Economists reject price caps for electricity and gas


An the face of rising energy costs, many economists advocate taking the pressure off households. However, a majority of German economics professors reject a price cap for electricity and gas and instead rely on energy funds as transfer payments.

This is the result of the new economist panel of the Munich Ifo Institute and the FAZ. This time, 178 economics professors from German universities took part in the regular survey, although not all participants answered every question.

The economists surveyed attach importance to the fact that aid should primarily be given to poor households and not to everyone. 83 percent are in favor of further relief for households from the high energy costs. 68 percent of these supporters are in favor of payments in the form of energy money and only 14 percent for an electricity and gas price cap. A cap is to be understood as state intervention through which prices may not exceed a certain value.

For the Kieler Till Requate, it can only be a flat-rate relief, which is less expensive. “An electricity and gas price cap would be the worst thing you could do now,” he wrote in the free comment field of the survey. Martin Biewen from Tübingen demanded that prices as indicators of scarcity should not be interfered with. Instead, households and businesses in need should receive lump sum transfers.

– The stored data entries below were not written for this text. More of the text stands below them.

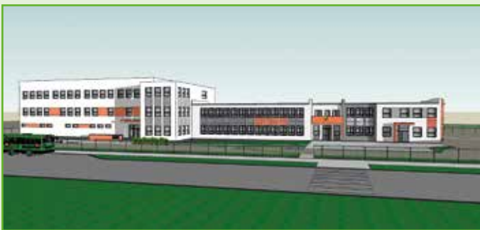
Projekt rozbudowy Zespołu Szkolno-Przedszkolnego w Pustkowie Żurawskim

Nie bez znaczenia są też zmiany w systemie szkolnictwa, które samorządom, jako tak zwanym „organom prowadzącym” i rodzicom fundują kolejne rządy. Zwykle jest tak, że czasem wręcz rewolucyjne pomysły warszawskich polityków, potem spadają pod postacią „konieczności dostosowania systemu” na barki wójtów, burmistrzów i prezydentów zmuszając ich do nieplanowanych działań także tam, gdzie wcześniej nie było już potrzeb. Na szczęście władze Gminy Kobierzyce radzą sobie z tego rodzaju problemami na bieżąco.
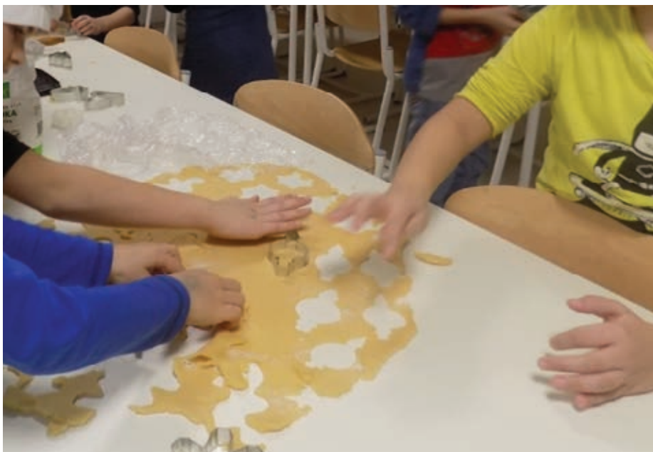
Slika 4: Pekli smo piškote.

Ko so bili piškoti pečeni, so jih učenci previdno zložili v vrečke iz celofana. Skupaj z receptom iz knjige so jih odnesli domov, da so z njimi razveselili svoje starše, enako kakor je mišek Matiček s piškotki razveselil svojo mamico.
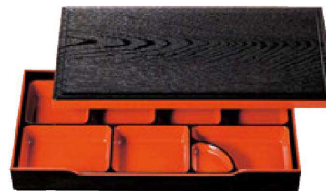
⑦ [A] 尺7寸長手会席松花堂 1-260-1 黒木目淵朱内黒塗 (仕切別) ¥7,400 (50.3×26×7) 櫃20
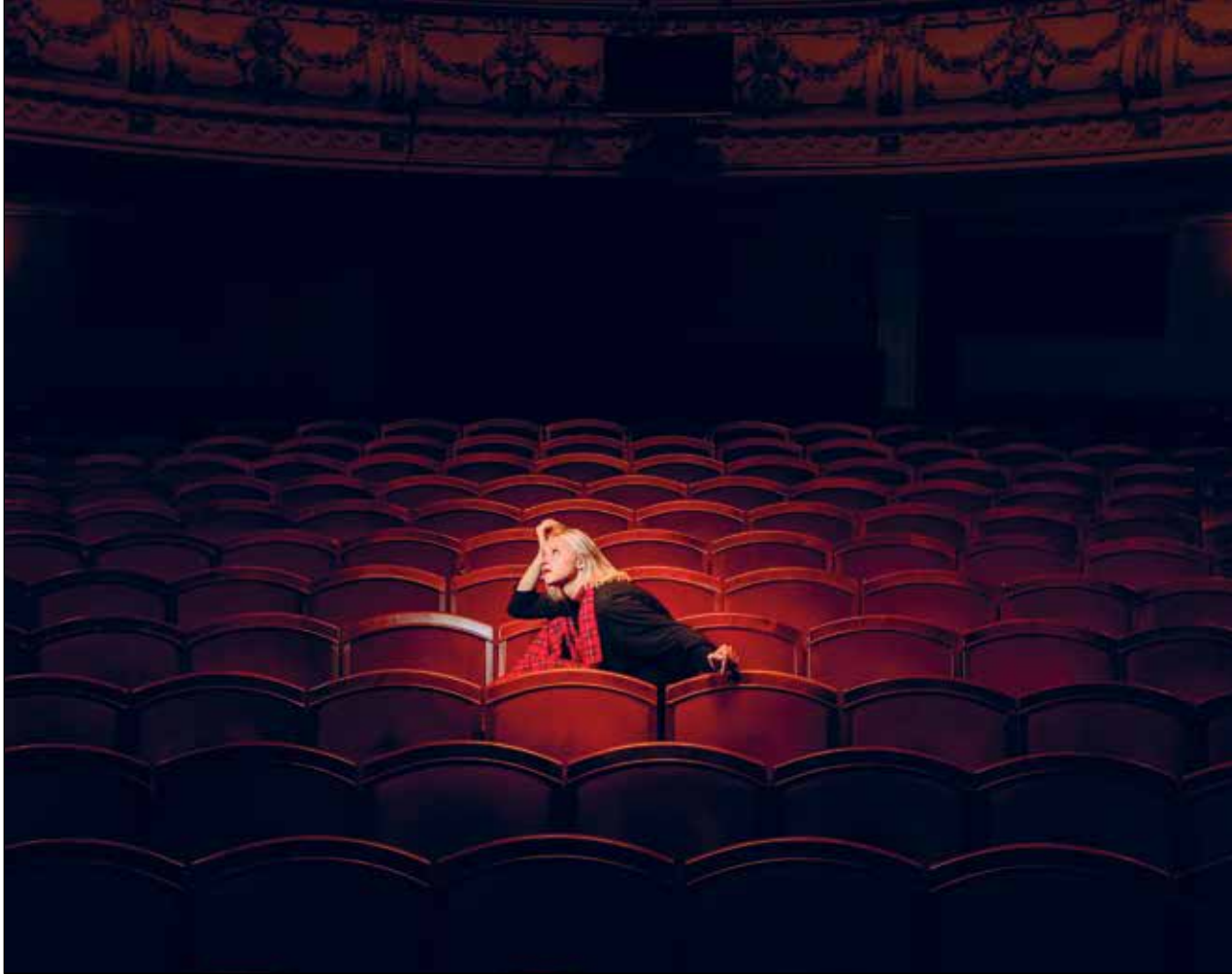
Näyttämöesitys kertoo ukrainalaisten naisten henkilökohtaisista kokemuksista.

Nuclear power plants should run longer

A week ago, the federal government announced a “defense shield” to support consumers and companies because of rising energy prices. A commission for gas and heat with economists and representatives of companies and trade unions is to quickly present recommendations for the design of the gas price brake. The SPD co-chairman Lars Klingbeil announces their proposals after the state elections in Lower Saxony on Sunday. “Everyone now wants something to happen immediately, I want that too, but I trust the experts who will then present a clever model next Monday,” said Klingbeil on Thursday on ZDF. The measure will “really push the prices down massively”.

In addition to relief for households, the participants in the panel of economists propose a continuation of nuclear power. In order to expand the electricity and gas supply in Germany, 81 percent of those surveyed support the continued operation of the three remaining nuclear power plants beyond 2022.

steering effect of high prices

More than two-thirds are in favor of removing regulations that make it more difficult to expand renewable energies, building more liquid gas ports and expanding the transmission grid for electricity. “The supply of electricity must be expanded and demand reduced,” said Ifo researcher Niklas Potrafke, who was involved in the survey. “Demand will not fall due to price caps on energy. Rather, the steering effect of high prices should be retained and needy households and companies should be helped with targeted payments.”

Around two-thirds are in favor of creating savings incentives for households and businesses. Silke Übelmesser from Jena wrote: “Whatever the concrete form of the measures, they should address the distribution policy consequences as specifically as possible and not distort the relative prices, which are important scarcity signals.”

Harald Fadinger from Mannheim advises on the one hand to relieve households with low incomes and energy-intensive companies through transfers, but on the other hand not to cap prices in order to provide savings incentives. He is also in favor of siphoning off energy companies’ profits to finance the transfers. “Instead, price caps and debt financing are coming,” he wrote.

At 54 percent, a narrow majority is in favor of further relief for companies. Approval here is lower than for household aid. The professors are divided on whether there should be an excess profits tax or a random profits tax for producers of renewable energy, nuclear and coal power: 46 percent support the project and 43 percent oppose it.

Those surveyed clearly name the economic difficulties: 94 percent expect that Germany will slide into a recession as a result of the energy price crisis. 33 percent even expect power cuts and rationing of electricity and gas in winter. On the other hand, 47 percent do not expect any shortfalls or rationing.